Irwin family have rescued and treated over 90,000 animals at the Australia Zoo Wildlife Hospital
The late Steve Irwin's family continues to follow his path of saving wildlife in danger as animals are fighting raging bush fire across parts of Australia.
Irwin family have rescued and treated over 90,000 animals, many of which were injured in Australia's recent devastating wildfires.
Robert Irwin, Steve's son, posted an image of Ollie, an orphaned platypus on Instagram, and wrote it is the patient number 90,000 that the Australia Zoo Wildlife Hospital has treated.
"We're so proud of this world-class facility! Thank you for your support - with pressures from drought to bushfires, wildlife needs our help now more than ever," he added.
The Australia Zoo Wildlife Hospital has provided 24/7 wildlife rehabilitation and animal rescue service.
"My parents dedicated our Australia Zoo Wildlife Hospital to my beautiful grandmother.
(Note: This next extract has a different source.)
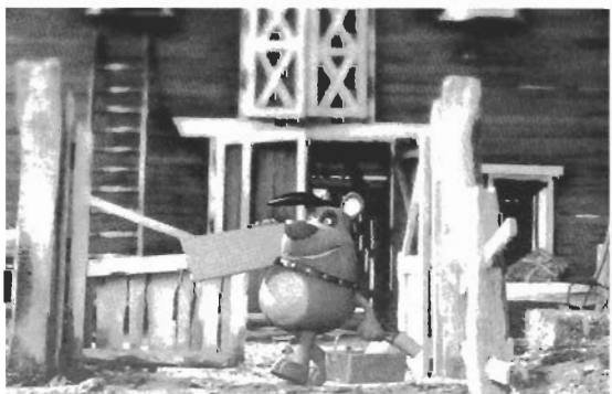
● Farmtastic , de Dibulitooon

We will continue to honour her by being Wildlife Warriors and saving as many lives as we can," Steve's daughter Bindi Irwin said in an Instagram post.
She wrote: "With so many devastating fires within Australia, my heart breaks for the people and wildlife who have lost so much. I wanted to let you know that we are SAFE. There are no fires near us @AustraliaZoo or our conservation properties."
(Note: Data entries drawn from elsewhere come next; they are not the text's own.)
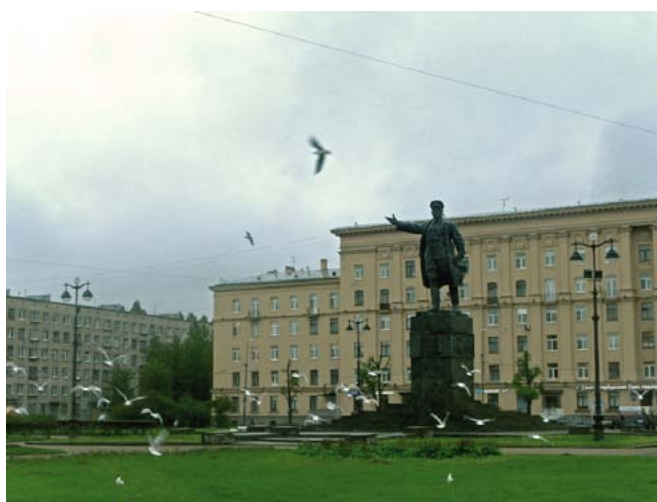
Фото 8: Сталинская архитектура на Нарвской площади (площади Стачек).
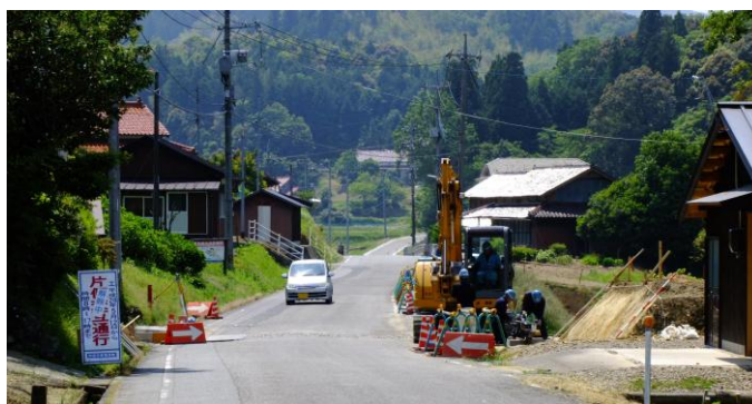
【 右：一般県道美濃地石見横田 停車場線の施工状況 】

併せて、一般県道益田種三隅線の東町工区改良工事につきましても早期完成を要望します。
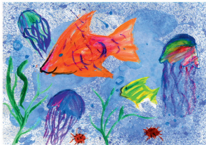
20. „Podwodny świat„ Mikołaj Dudek z mamą, 4 lata Zespół Szkół Specjalnych nr 3 przy Uniwersyteckim Szpitalu Dziecięcym w Krakowie, Klinika Onkologii i Hematologii Dziecięcej
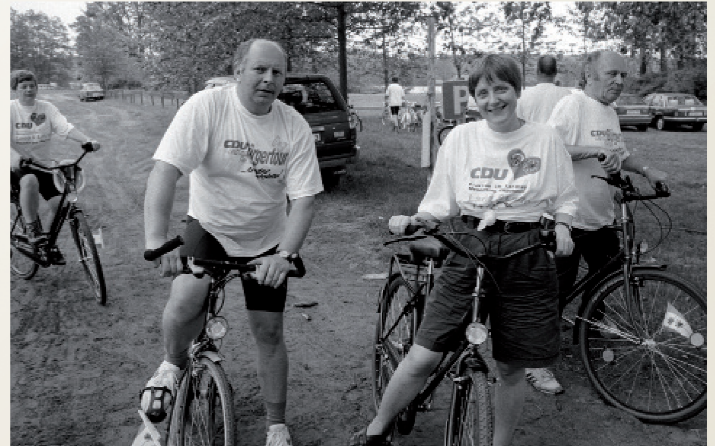
Nach der Wiedervereinigung/ Plau am See

Abzug der Roten Armee aus Mecklenburg-Vorpommern. Ehrenformation von russischen Soldaten vor der Abschiedszeremonie.

The 21-year-old confirmed that the Australia Zoo, which is owned and operated by the Irwin family, and their conservation properties are not endangered by fires.
The zoo's Wildlife Hospital has been "busier than ever," Bindi said in the caption of the photo which shows her smiling in front of a picture of Steve and his mother holding a crocodile.
The environmental activist and conservationist shared another post on Saturday picturing Blossom the possum who died after being rescued from the bushfires burning in Queensland despite the hospital "working so hard to save her life."
Steve Irwin, the TV presenter known as the "Crocodile Hunter," died in 2006 after being stung by a stingray in a marine accident off Australia's north coast.
Blossom is just one of the many animals who have been killed in Australia's fires. Almost a third of koalas in Australia's New South Wales region may have been killed in deadly bushfires, which have been burning out of control
Three fires combined on Saturday to form a single blaze bigger than the New York borough of Manhattan, as Australian firefighters battle what has been predicted to be the most catastrophic day yet in an already devastating bushfire season.
At least 24 people have died in Australia wildfires and in the state of New South Wales alone, more than 1,300 houses have been destroyed.